20 Recommended Sightseeing Spots in Wakayama From the Standards to Hidden Gems
Wakayama Prefecture is an area surrounded by mountains that look out into a beautiful ocean. It is home to many attractive and famous spots, including World Heritage Sites such as the Kumano Sanzan (three major shrines) and Mt. Koya. Read on and get to know 20 recommended tourist spots in Wakayama!
Where is Wakayama?
Wakayama Prefecture is located to the south of Osaka and Nara. If you come by Nankai Electric Railway, it will take you about 90 minutes from Osaka and around 50 minutes from Kansai International Airport to get to Wakayama City. From Tokyo, there are direct flights between Haneda Airport and Nanki-Shirahama Airport that take about 75 minutes.

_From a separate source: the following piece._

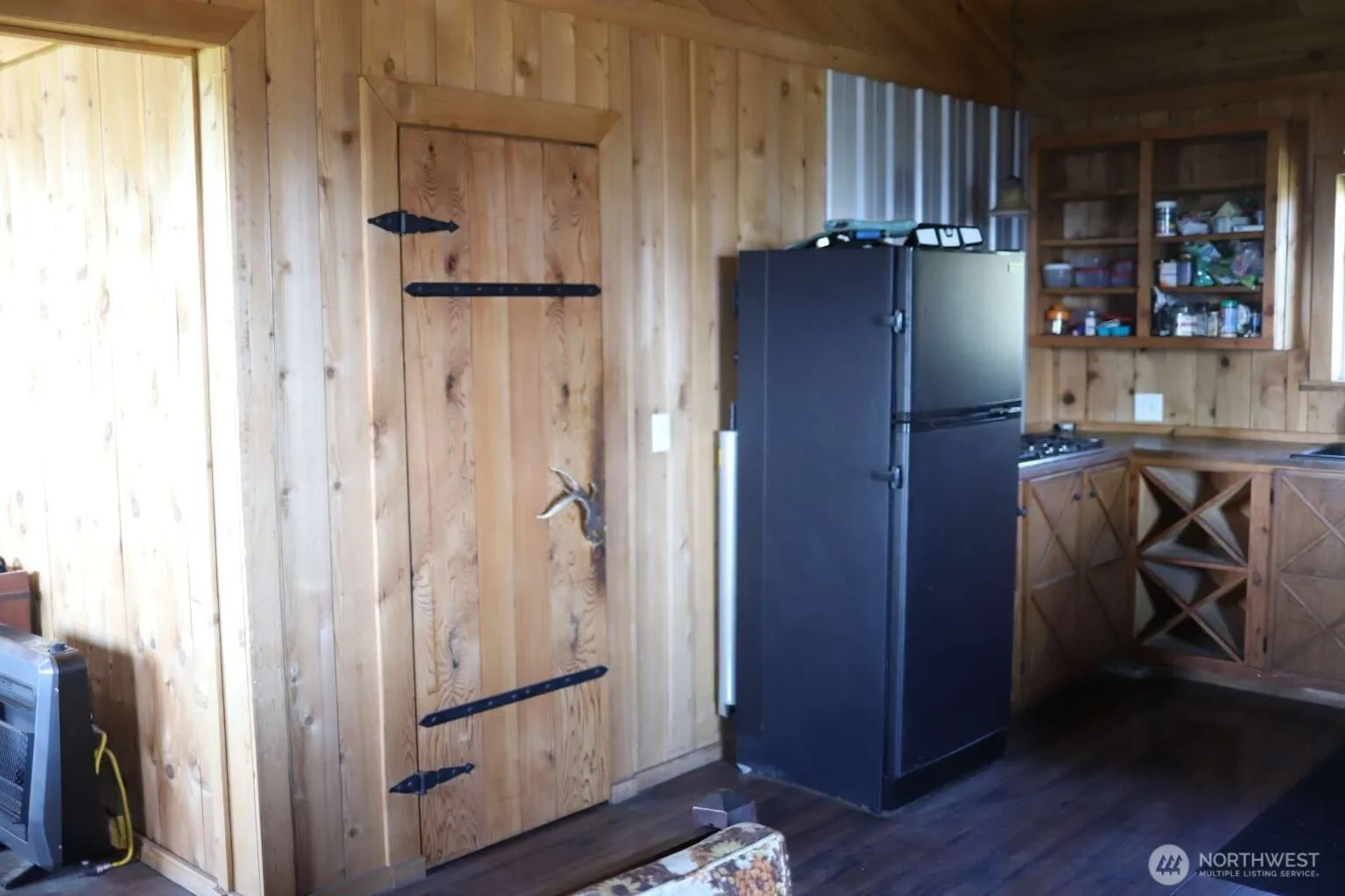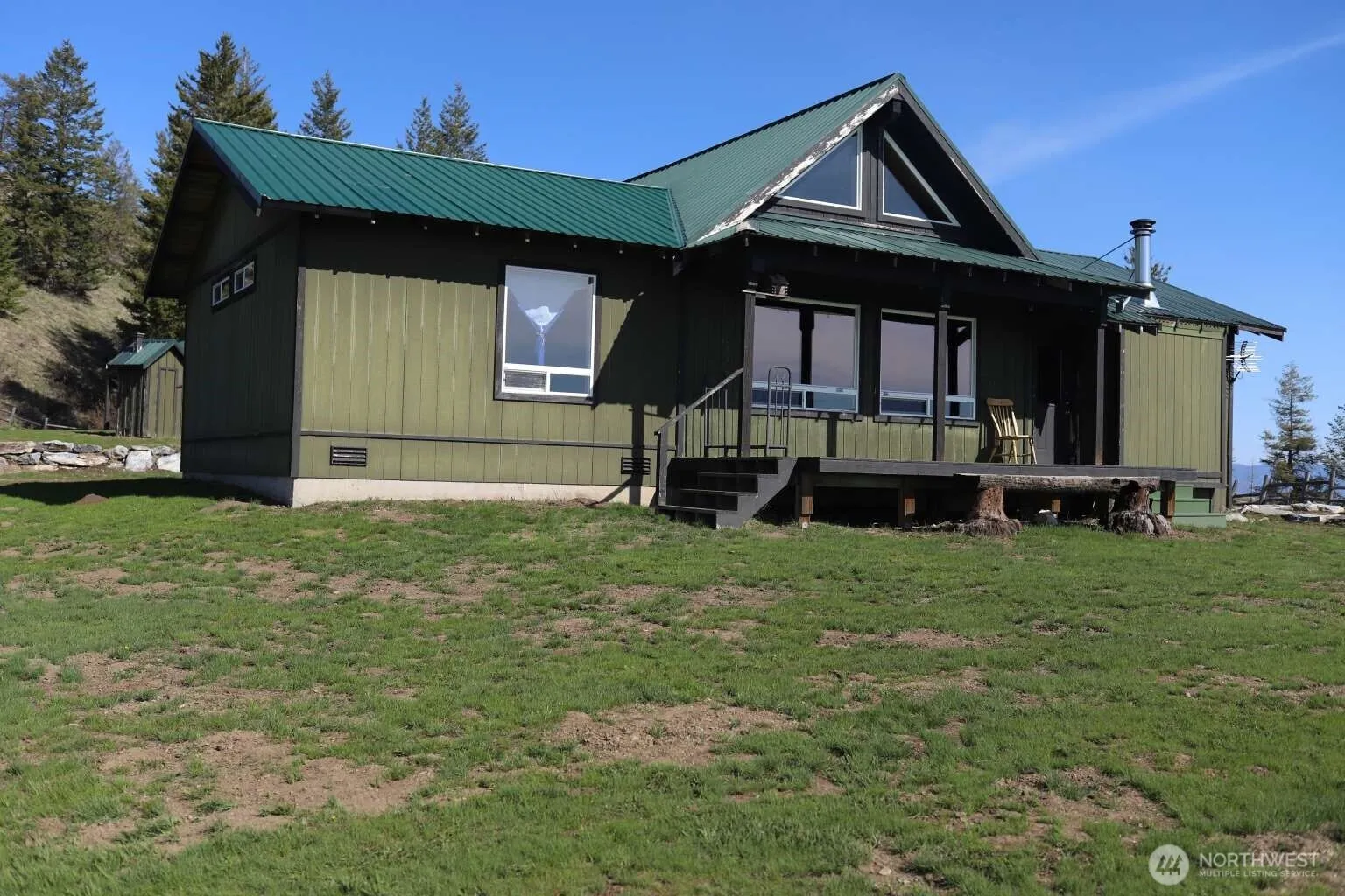 This 1 bed/1 bath hilltop ranch-style home offers 1,400 sq. ft. of cozy living space on 40 acres with stunning mountain views. Built in 2006 with solid hardwood construction, it features a spacious main-floor bedroom, a warm living area with a fireplace, and a rustic kitchen with wooden cabinets and a walk-in pantry. A loft with built-in storage adds charm and extra space for storage or a quiet nook. Outside, enjoy a detached garage, multiple storage buildings, solar panels, and full wooden fencing. Move-in ready, perfect for those seeking peace, nature, and a ranch-style lifestyle.

In this article, Wakayama Pref. will be divided into five areas – Wakayama City, Mt. Koya, Kichu, Shirahama-Kushimoto, and Kumano.
Wakayama City Area
The Wakayama City area is located in the northern part of Wakayama Prefecture. This area is dotted with a lot of historic landmarks due to its long history as a castle town centered around Wakayama Castle. The city faces the sea, so enjoying the ocean - whether through swimming or by eating seafood - is another one of Wakayama's true pleasures.
Visit Wakayama Castle
Wakayama Castle is a famous landmark that is considered the symbol of Wakayama City. It was the residential castle of the Kishu Tokugawa family, which had the second highest social standing during the Edo period (1603 – 1867) next to shogunate families. Inside the castle, you will see the tenshu (castle tower) rising at the center, elegant structures such as Okaguchi-mon (Okaguchi Gate) and Ohashi-roka (Ohashi Bridge), and the famous Nishinomaru Teien, a garden known for its beauty in every season, giving you a glimpse of the castle’s past. There are many other attractions in this castle, including Wakayama Historical Museum, a zoo, and Kosho-an, a traditional tea house where you can drink matcha (powdered green tea).

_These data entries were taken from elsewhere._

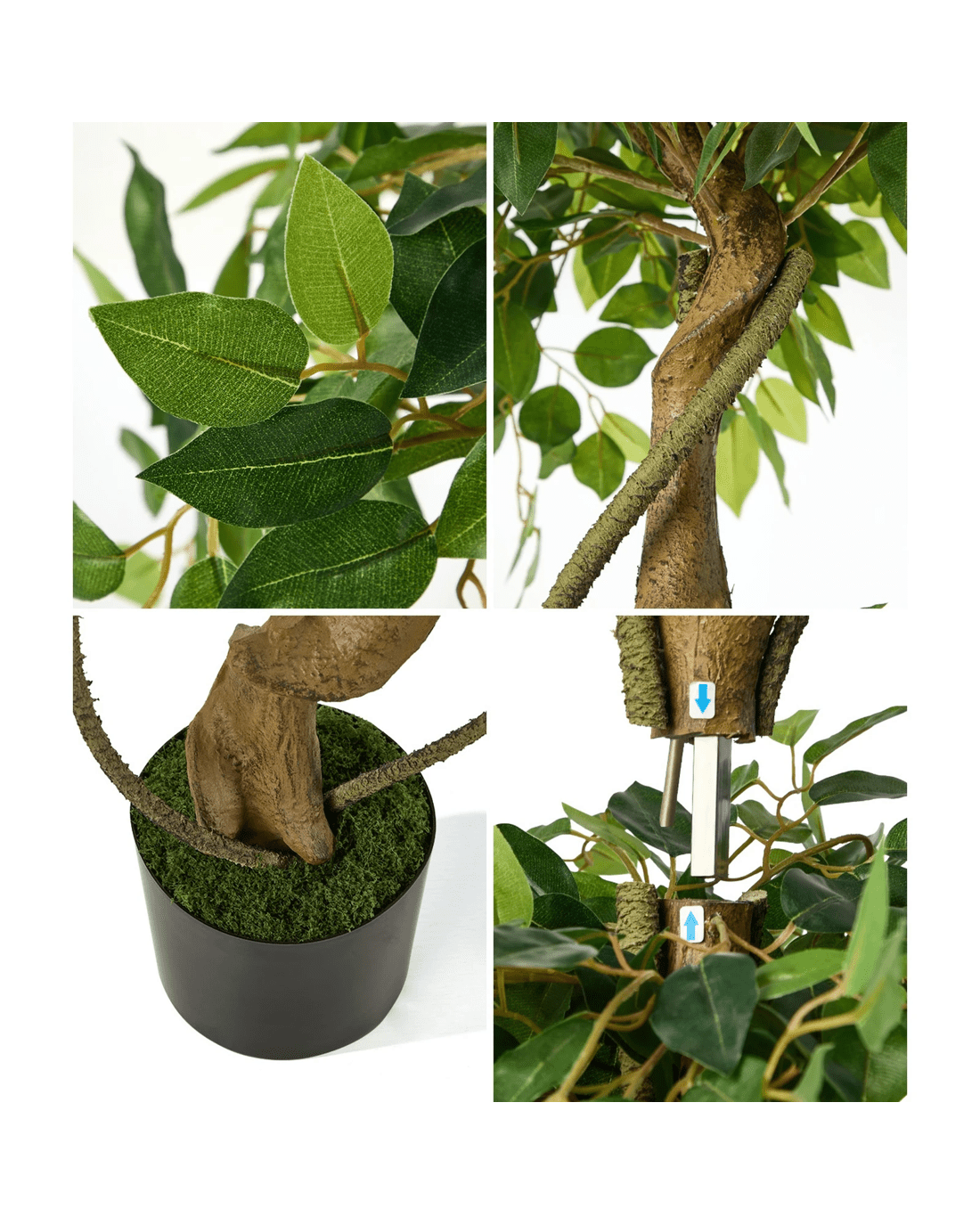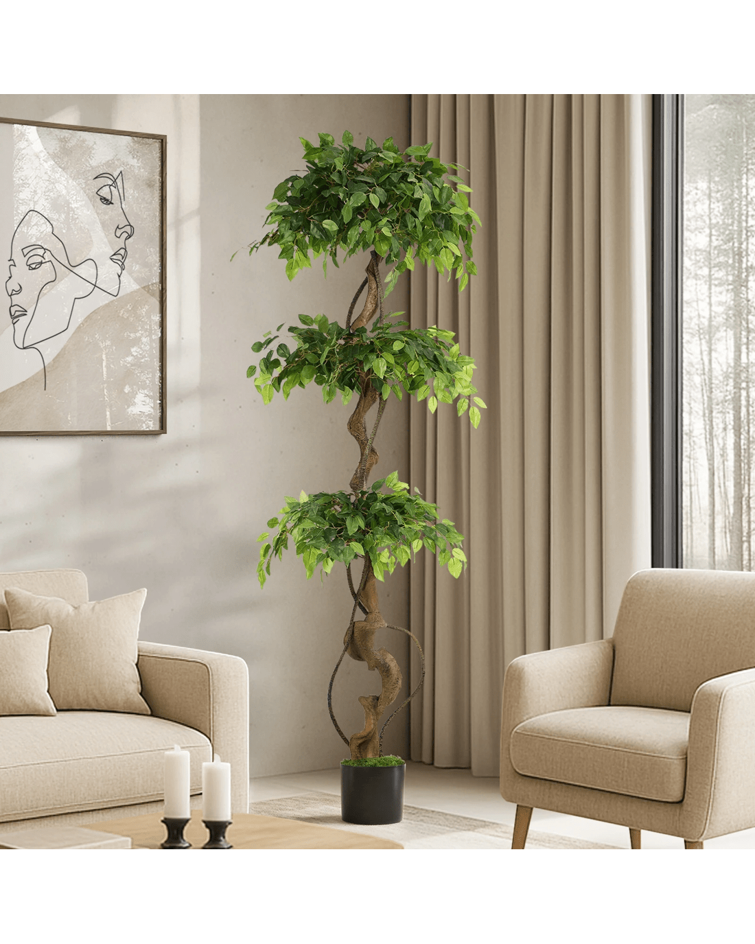 Livsip 180cm Artificial Ficus Tree Large Twisted Ficus - Green
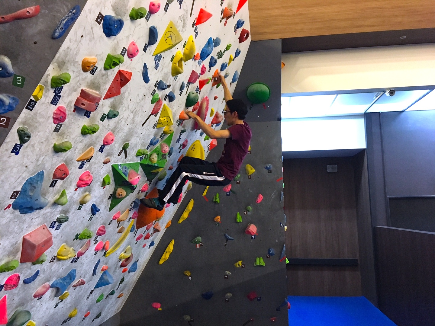 社員の中に「コンビニよりボルダリングジムの方が近い」という変わった立地に住んでいる人がいて、初心者の同僚に身体を張ってルート取りを教えてくれました。(その結果が、「腕力で頑張れ」だったりするわけですが…無茶言うなよ!)
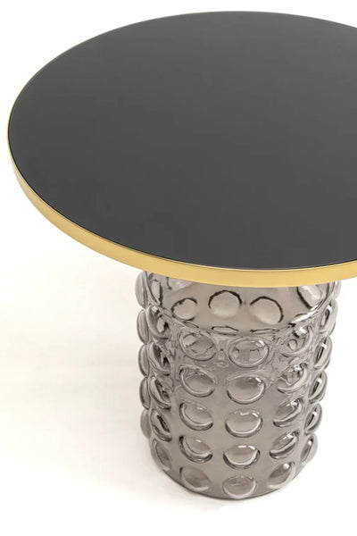 Runder Tisch mit schwarzer, glänzender Platte, goldener Kante und einem strukturierten Glasfuß mit Blasenmuster.
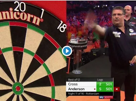 Gary Anderson in zijn duel met Rob Cross. The Flying Scotsman was in de eerste 6 legs foutloos op de dubbels en in leg 7 leek hij ook de triple niet te kunnen missen. Hij opende met tweemaal 180 en mocht vervolgens aanleggen voor de 141-finish. Het publiek in
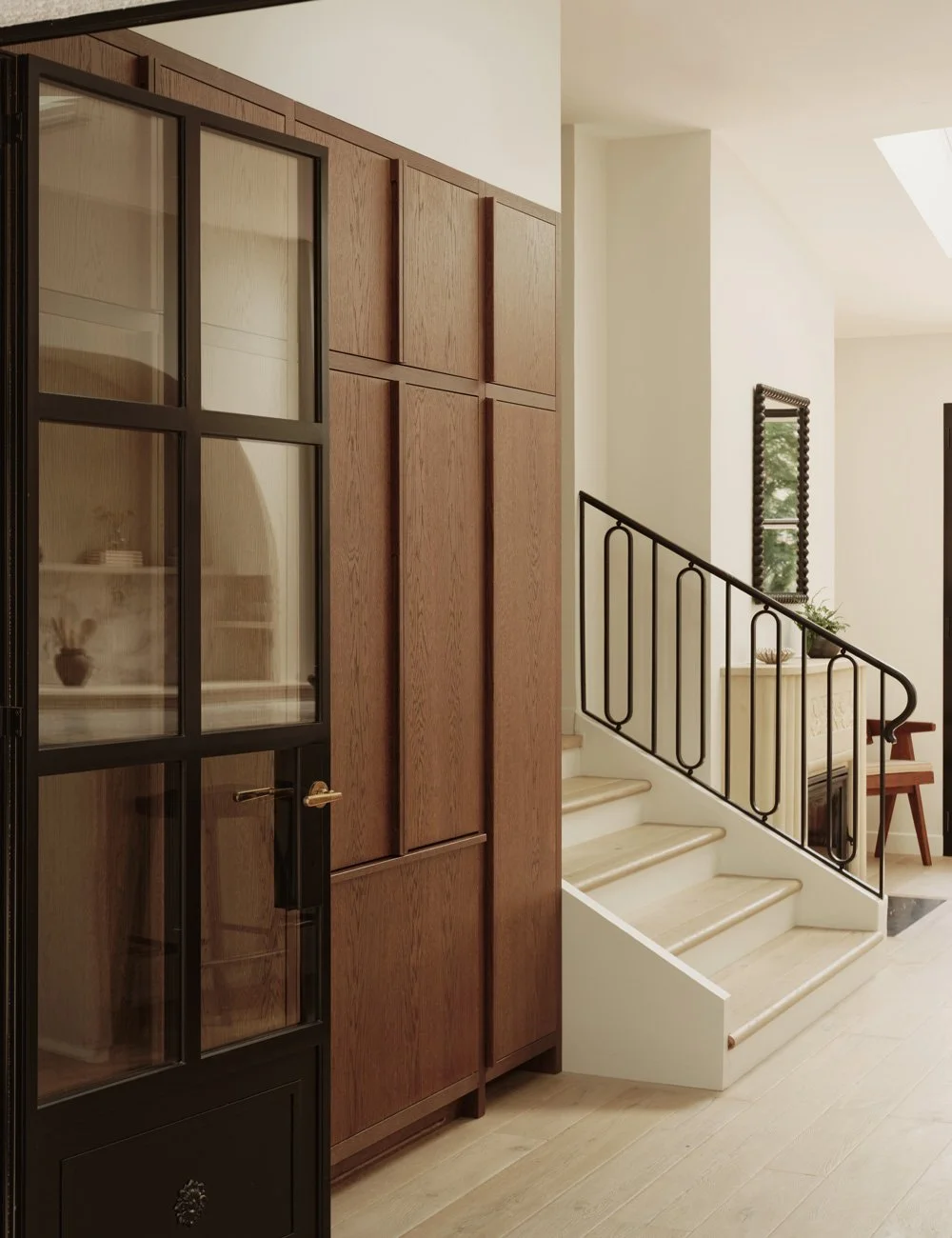 Indbyggede højskabe i mørk eg går fra gulv til loft og tilbyder generøs opbevaringsplads, samtidig med at de forstærker følelsen af rummelighed.

Admission fee for the castle tower: General - 410 JPY, Child (Elementary and junior high school students) - 200 JPY
Ride the Wakayama Electric Railway Kishigawa Line with Nitama, the Cat Stationmaster
Kishi Station, on the Wakayama Electric Railway Kishigawa Line, is a unique station where the stationmaster is a calico cat named Nitama. Throngs of tourists from inside Japan and overseas flock to this station to get a glimpse of this adorable cat. From station building which is designed to look like the face of a cat, to the Tama Densha (Tama Train), a train decorated inside and out with cat imagery, there is plenty to see that will surely have cat lovers enraptured! It takes about 30 minutes to get to Kishi Station from JR Wakayama Station. Along the route, you will pass the famous Wakayama shrines Hinokuma-jingu and Itakiso-jinja.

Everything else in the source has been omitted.